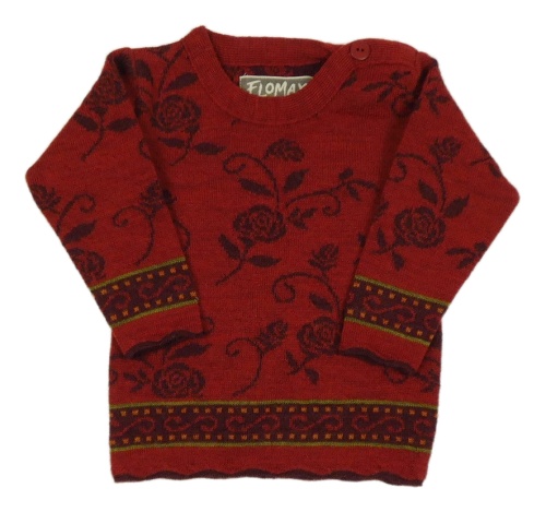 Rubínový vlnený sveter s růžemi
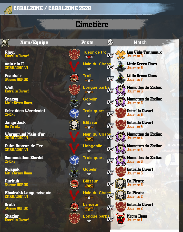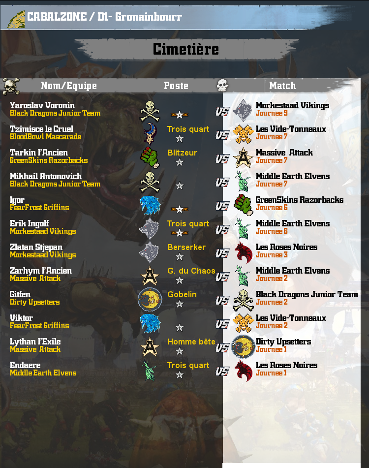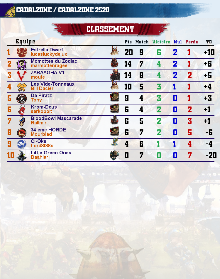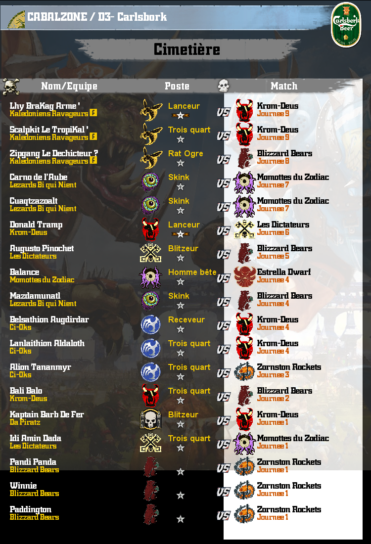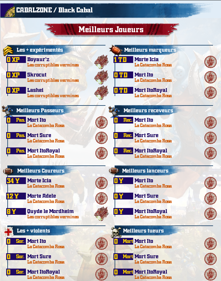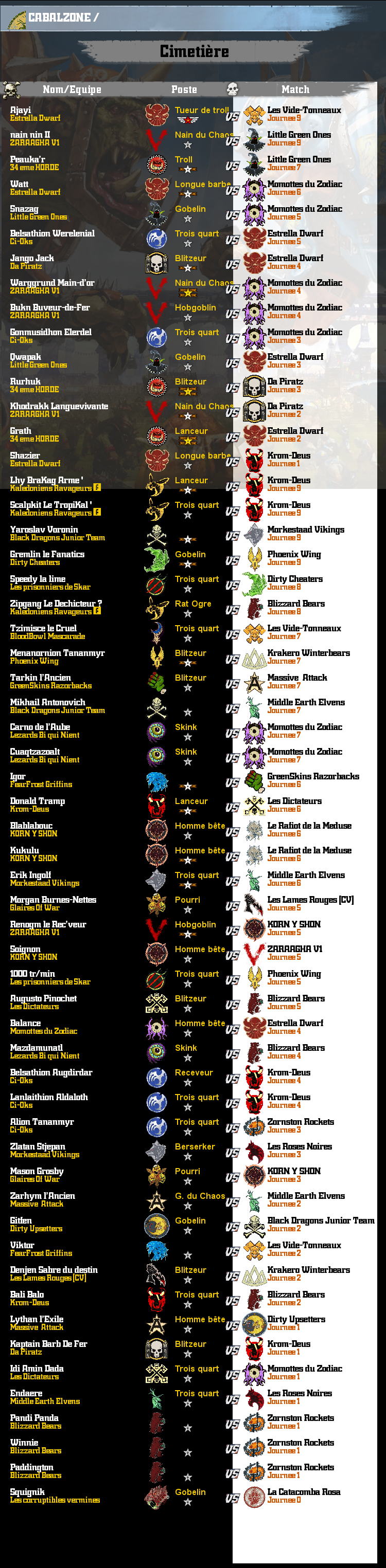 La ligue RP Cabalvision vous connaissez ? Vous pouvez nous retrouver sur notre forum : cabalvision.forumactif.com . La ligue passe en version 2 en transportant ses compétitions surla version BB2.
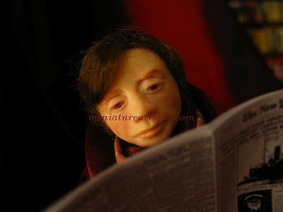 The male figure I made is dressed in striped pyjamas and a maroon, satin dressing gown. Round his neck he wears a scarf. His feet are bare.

» **Your instructions**
Begin at the line with "La ligue RP" and end at the last line of the data above. Reproduce those lines exactly, but not the pictures.

» **Result for this exercise**
 La ligue RP Cabalvision vous connaissez ? Vous pouvez nous retrouver sur notre forum : cabalvision.forumactif.com . La ligue passe en version 2 en transportant ses compétitions surla version BB2.
 The male figure I made is dressed in striped pyjamas and a maroon, satin dressing gown. Round his neck he wears a scarf. His feet are bare.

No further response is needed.